▶ **Work item**: Within the entries below, please retype exactly the lines starting with the line that has "وحدثنا أبو بكر" and going on through the line that has "Brösjölyng ordlek t-shirt", but not the pictures.

▶ **Records for this exercise**:
--- START ---
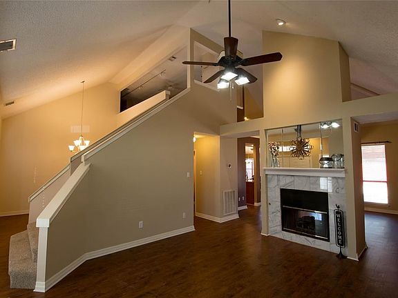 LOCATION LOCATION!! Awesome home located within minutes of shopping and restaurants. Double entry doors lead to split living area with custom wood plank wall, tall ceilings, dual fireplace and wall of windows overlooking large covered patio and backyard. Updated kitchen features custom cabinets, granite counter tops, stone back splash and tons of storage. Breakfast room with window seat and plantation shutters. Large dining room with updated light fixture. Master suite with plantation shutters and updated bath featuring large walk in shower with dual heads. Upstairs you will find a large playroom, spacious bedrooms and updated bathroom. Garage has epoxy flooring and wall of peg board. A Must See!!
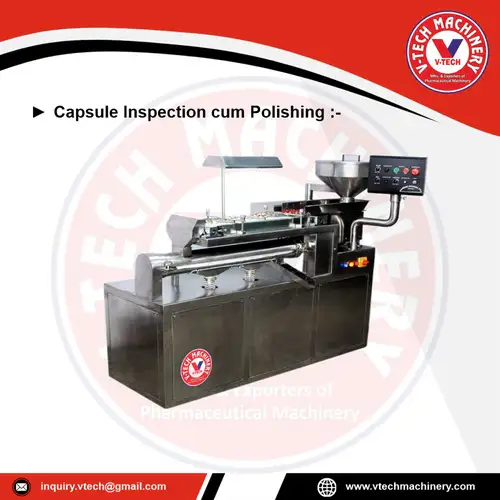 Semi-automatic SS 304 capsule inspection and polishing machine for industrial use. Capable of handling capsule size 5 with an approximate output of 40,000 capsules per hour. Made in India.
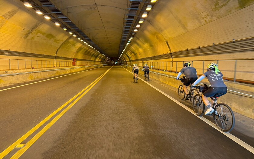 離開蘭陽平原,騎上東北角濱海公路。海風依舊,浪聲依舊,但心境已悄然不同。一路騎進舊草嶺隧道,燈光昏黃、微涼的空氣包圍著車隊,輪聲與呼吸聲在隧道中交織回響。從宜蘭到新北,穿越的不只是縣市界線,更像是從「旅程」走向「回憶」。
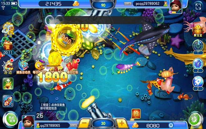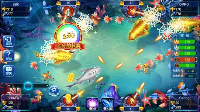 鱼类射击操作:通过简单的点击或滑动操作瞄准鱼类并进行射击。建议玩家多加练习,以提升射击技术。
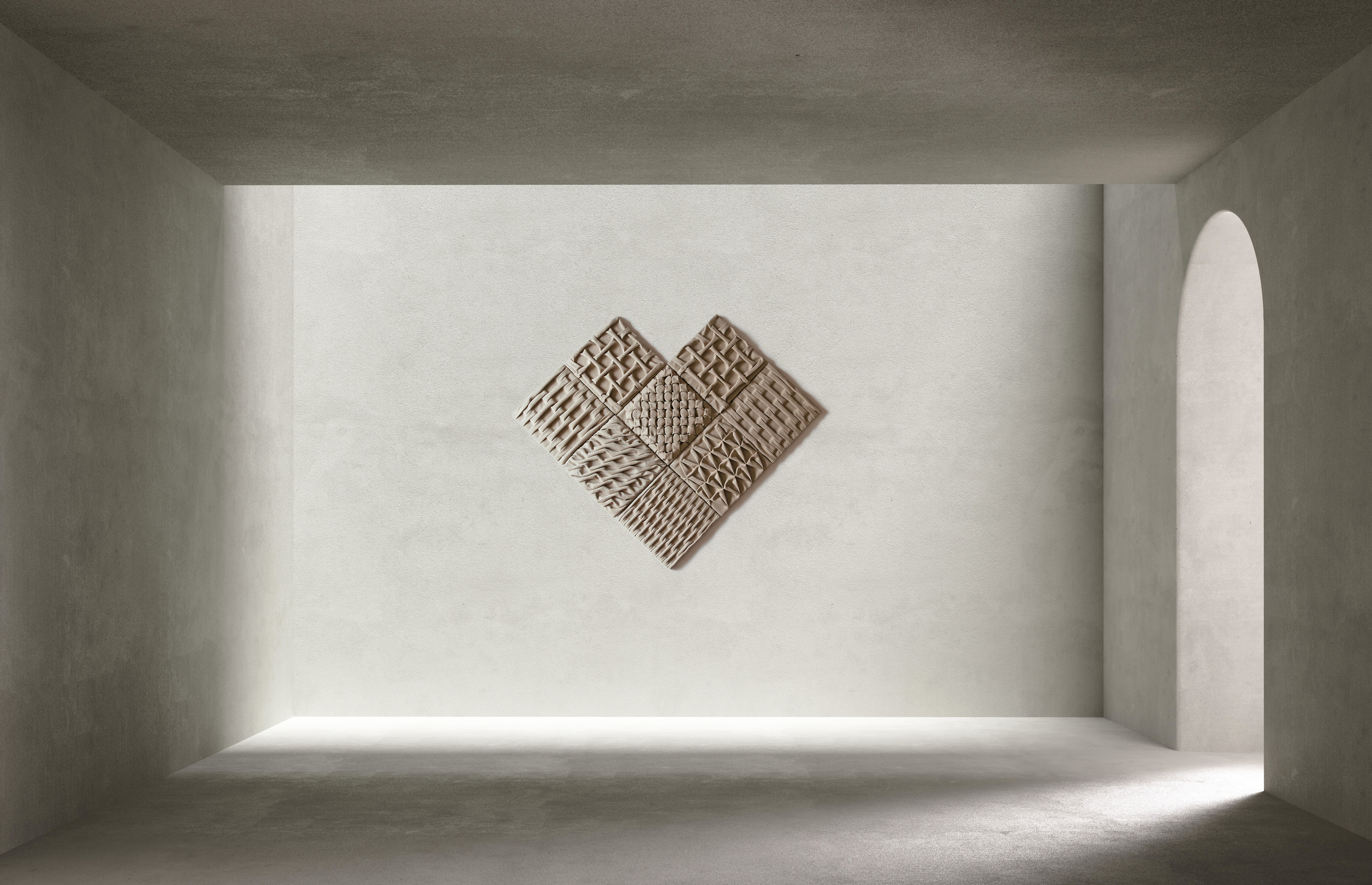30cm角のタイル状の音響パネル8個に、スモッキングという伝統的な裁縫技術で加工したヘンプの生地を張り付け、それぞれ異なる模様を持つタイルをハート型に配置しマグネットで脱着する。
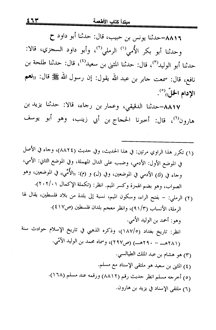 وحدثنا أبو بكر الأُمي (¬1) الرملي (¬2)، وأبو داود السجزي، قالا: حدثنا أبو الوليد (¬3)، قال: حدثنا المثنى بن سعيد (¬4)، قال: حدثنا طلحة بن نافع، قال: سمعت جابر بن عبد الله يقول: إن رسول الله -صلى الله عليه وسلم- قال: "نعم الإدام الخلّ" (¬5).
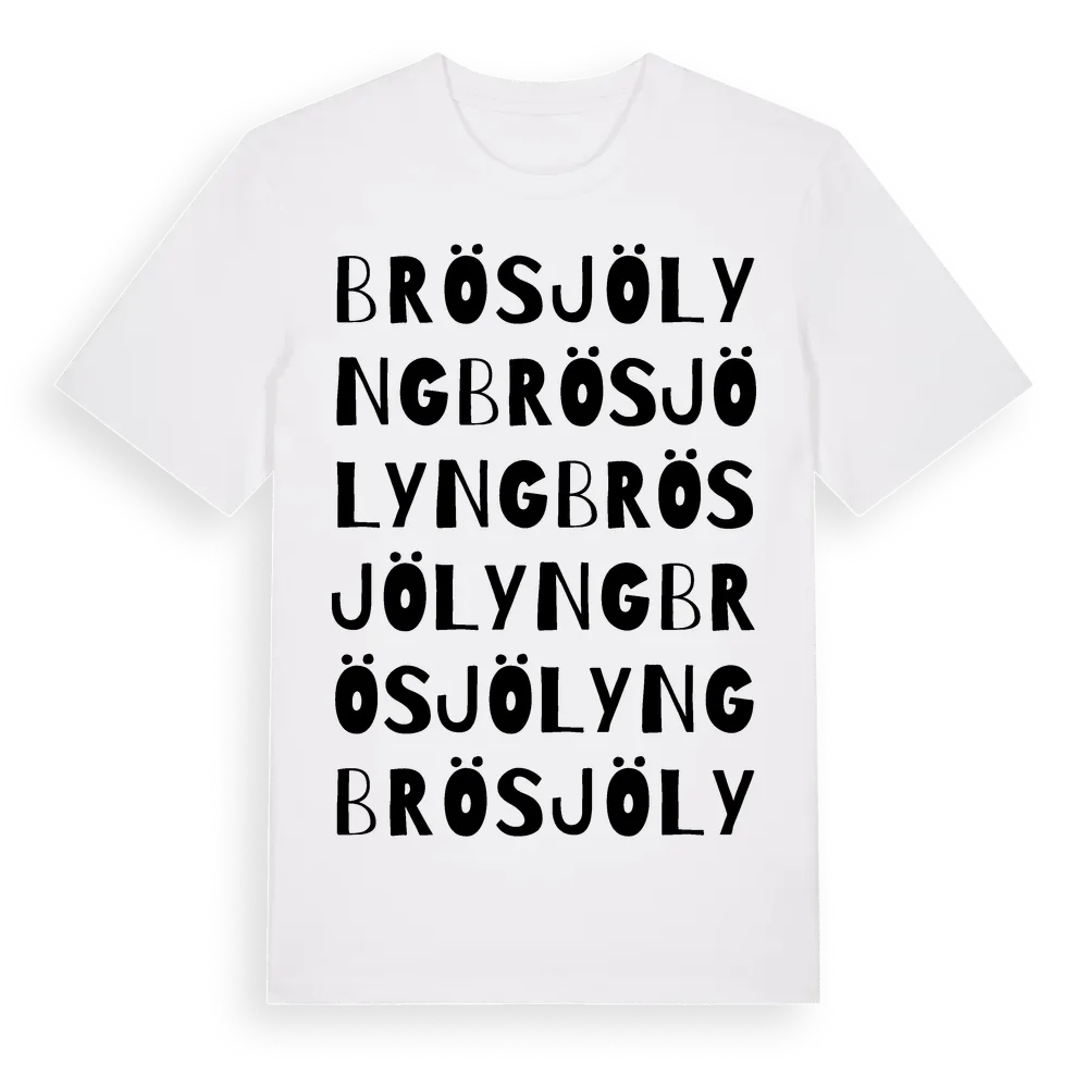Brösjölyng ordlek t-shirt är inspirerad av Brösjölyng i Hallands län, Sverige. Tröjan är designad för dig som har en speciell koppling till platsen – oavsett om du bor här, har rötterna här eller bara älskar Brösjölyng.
--- END ---
--- START ---
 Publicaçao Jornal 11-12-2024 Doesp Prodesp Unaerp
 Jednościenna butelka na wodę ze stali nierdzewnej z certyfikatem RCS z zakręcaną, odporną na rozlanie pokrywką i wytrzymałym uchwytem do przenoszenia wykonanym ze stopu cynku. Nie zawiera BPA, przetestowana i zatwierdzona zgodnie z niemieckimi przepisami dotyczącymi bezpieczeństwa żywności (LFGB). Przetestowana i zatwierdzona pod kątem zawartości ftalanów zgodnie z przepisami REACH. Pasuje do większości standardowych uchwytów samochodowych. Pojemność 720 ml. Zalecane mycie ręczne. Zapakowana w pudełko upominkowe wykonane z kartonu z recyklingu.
--- END ---
▶ **Output for this task**:
 وحدثنا أبو بكر الأُمي (¬1) الرملي (¬2)، وأبو داود السجزي، قالا: حدثنا أبو الوليد (¬3)، قال: حدثنا المثنى بن سعيد (¬4)، قال: حدثنا طلحة بن نافع، قال: سمعت جابر بن عبد الله يقول: إن رسول الله -صلى الله عليه وسلم- قال: "نعم الإدام الخلّ" (¬5).
Brösjölyng ordlek t-shirt är inspirerad av Brösjölyng i Hallands län, Sverige. Tröjan är designad för dig som har en speciell koppling till platsen – oavsett om du bor här, har rötterna här eller bara älskar Brösjölyng.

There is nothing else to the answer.